Selon l’OMS, la sédentarité serait la 4e cause de mortalité dans le monde : 6% des décès sont attribués à l’absence d’exercice physique. Cette cause de décès vient se placer après l’hypertension artérielle (13%), le tabagisme (9%) et occupe la même place que l’hyperglycémie (6%). L’absence d’exercice physique est par ailleurs, toujours selon l’OMS, la principale cause de près de 21 à 25% des cancers du sein et du côlon, de 27% des diabètes et de 30% de la charge de morbidité par cardiopathie ischémique.

«Les niveaux de sédentarité sont élevés dans pratiquement tous les pays développés et tous les pays en développement. Dans  les pays développés, plus de la moitié des adultes ne pratiquent pas un exercice physique de manière suffisante. Dans les grandes métropoles en expansion rapide du monde en développement, le manque d’exercice physique est un problème encore plus important.» indique le rapport Stratégie mondiale pour l’alimentation, l’exercice physique et la santé.

La France fait d’ailleurs partie des mauvais élèves puisqu’on estime qu’aujourd’hui, malgré les campagnes de l’Assurance Maladie et de l’INPES dans le cadre du Plan National Nutrition Santé (PNNS), deux tiers des Français sont sédentaires. Par ailleurs, une des études publiées dans un numéro spécial de la revue The Lancet consacré à l’activité physique souligne que l’inactivité est plus importante chez les femmes que chez les hommes (34% contre 28%).

Or les études Eurocancer et Epic ont confirmé scientifiquement les liens entre activité physique et protection contre le cancer. Une toute dernière étude précise même le niveau d’exercice requis pour réduire le risque de mortalité du cancer du sein, contrôler son poids, avoir un meilleur taux de cholestérol et moins de maladies chroniques comme le diabète ou les maladies cardio-vasculaires : 150 minutes d’activité physique modérément élevée par  semaine, qui peuvent être divisées en plusieurs phases de 10 minutes, soit 30 minutes par jour.

30 minutes, sans trop forcer pour mieux brûler les graisses !

Ainsi, sur les 3h50 par jour que passent en moyenne les Français devant un écran de télévision, il suffirait de retrancher 30 petites minutes pour espérer vivre une quinzaine d’années de plus et en bonne santé !
Ces 30 minutes ne constituent même pas un minima, mais la durée idéale pour capitaliser les effets de l’activité physique.
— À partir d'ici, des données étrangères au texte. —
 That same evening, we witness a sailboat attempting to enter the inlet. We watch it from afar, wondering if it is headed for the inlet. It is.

Une heure d’entraînement au lieu d’une demi-heure n’apporte pas plus de bénéfices. 30 minutes, c’est en effet le temps nécessaire pour que l’organisme ait enclenché la consommation de lipide.
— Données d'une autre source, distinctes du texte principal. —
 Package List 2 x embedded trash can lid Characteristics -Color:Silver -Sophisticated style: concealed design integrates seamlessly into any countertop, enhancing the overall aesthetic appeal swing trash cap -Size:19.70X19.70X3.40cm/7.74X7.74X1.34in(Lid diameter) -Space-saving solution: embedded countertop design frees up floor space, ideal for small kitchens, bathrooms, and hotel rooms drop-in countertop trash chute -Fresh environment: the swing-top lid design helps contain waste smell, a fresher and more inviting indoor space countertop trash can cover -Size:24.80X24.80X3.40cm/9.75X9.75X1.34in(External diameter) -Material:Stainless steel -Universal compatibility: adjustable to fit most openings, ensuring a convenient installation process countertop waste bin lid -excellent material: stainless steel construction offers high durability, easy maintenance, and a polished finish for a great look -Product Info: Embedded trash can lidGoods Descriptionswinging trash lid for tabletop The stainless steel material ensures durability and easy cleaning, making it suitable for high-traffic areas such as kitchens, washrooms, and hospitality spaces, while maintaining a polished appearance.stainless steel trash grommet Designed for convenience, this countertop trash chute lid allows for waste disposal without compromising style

Mais ce n’est pas qu’une question de durée. C’est aussi une question d’intensité de l’effort. «Selon l’intensité de l’effort, l’organisme consomme plus ou moins de lipides», explique Véronique Billat, professeur à l’Université d’Evry et directrice de l’unité de Biologie Intégrative des Adaptations à l’Exercice de l’INSERM. «Quand on fournit un effort d’intensité importante, ce sont les glucides qui assurent l’effort énergétique.» Avec un signe qui ne trompe pas, quand on brûle des sucres plutôt que des graisses : l’essoufflement. C’est à cause de cette chute du taux de sucre dans le sang (l’hypoglycémie) que l’on hyper ventile. «Moins on est entraîné, plus on brûle vite sur les glucides. Inversement, l’entraînement favorise la consommation de lipides.» Il existe ainsi un point optimal où l’on fournit l’exact effort nécessaire pour brûler le maximum de graisses. Pour donner une idée du niveau d’effort, une activité modérée représente entre 60 et 70% du maximum que l’on peut fournir.
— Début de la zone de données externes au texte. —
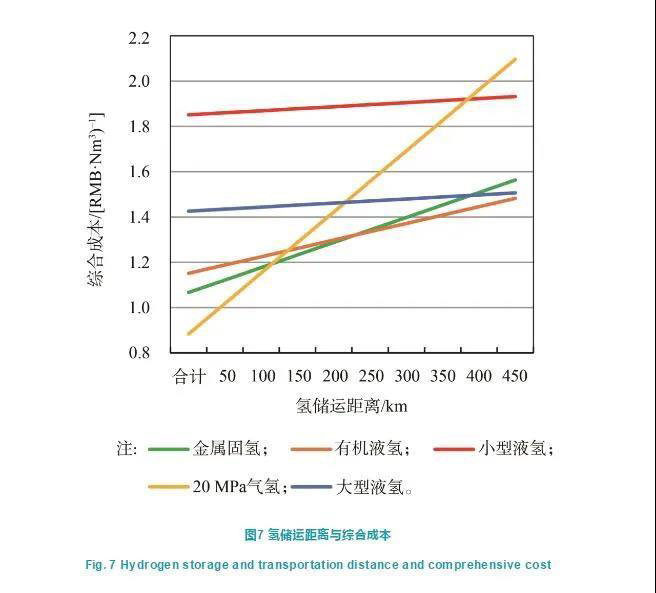 液氫、固氫和有機(jī)氫,在現(xiàn)有條件下固定成本1.0~1.9 RMB/Nm3,超過(guò)TT車(chē)0.9 RMB/Nm3,主要成本在制備和接收兩端,液氫15 kWh/kg的液化能耗、固氫和有機(jī)氫10 kWh/kg的脫氫電耗,直接影響了氫的儲(chǔ)運(yùn)成本。氫氣的運(yùn)輸成本與運(yùn)輸距離的關(guān)系如圖7所示。
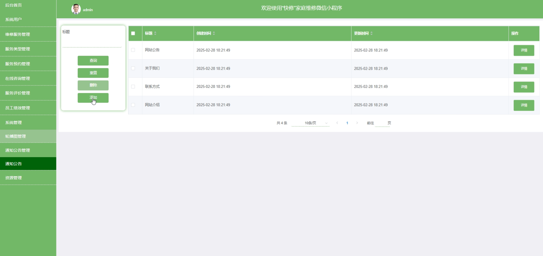 | 用例描述 | 管理员正确登录后台管理的条件下,维修反馈模块进行管理 |

Nul besoin par conséquent d’effort intensif ni de discipline compliquée. Il suffit de se tourner vers les activités d’endurance comme la marche, le footing ou le vélo, qui permettent de mesurer ses efforts. Et  surtout, vers une activité physique modérée facile à intégrer dans la vie quotidienne. Pour être sûr de pouvoir la pratiquer régulièrement, au moins trois fois par semaine.